**Try it**
Please restate the data below word for word, omitting all images.

**Information shown**
____

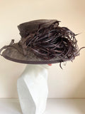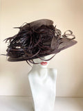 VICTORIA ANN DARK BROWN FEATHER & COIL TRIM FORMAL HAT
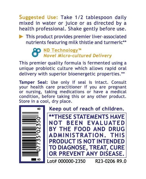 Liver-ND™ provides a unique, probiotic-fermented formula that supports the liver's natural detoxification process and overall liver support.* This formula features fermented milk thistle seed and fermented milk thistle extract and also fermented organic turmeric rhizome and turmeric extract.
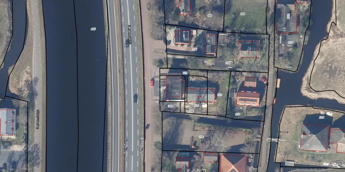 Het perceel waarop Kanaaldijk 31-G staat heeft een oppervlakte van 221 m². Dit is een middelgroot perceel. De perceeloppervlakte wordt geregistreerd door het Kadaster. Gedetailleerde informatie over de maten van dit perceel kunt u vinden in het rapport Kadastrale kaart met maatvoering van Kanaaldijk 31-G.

____

**Your response**
 VICTORIA ANN DARK BROWN FEATHER & COIL TRIM FORMAL HAT
 Liver-ND™ provides a unique, probiotic-fermented formula that supports the liver's natural detoxification process and overall liver support.* This formula features fermented milk thistle seed and fermented milk thistle extract and also fermented organic turmeric rhizome and turmeric extract.
 Het perceel waarop Kanaaldijk 31-G staat heeft een oppervlakte van 221 m². Dit is een middelgroot perceel. De perceeloppervlakte wordt geregistreerd door het Kadaster. Gedetailleerde informatie over de maten van dit perceel kunt u vinden in het rapport Kadastrale kaart met maatvoering van Kanaaldijk 31-G.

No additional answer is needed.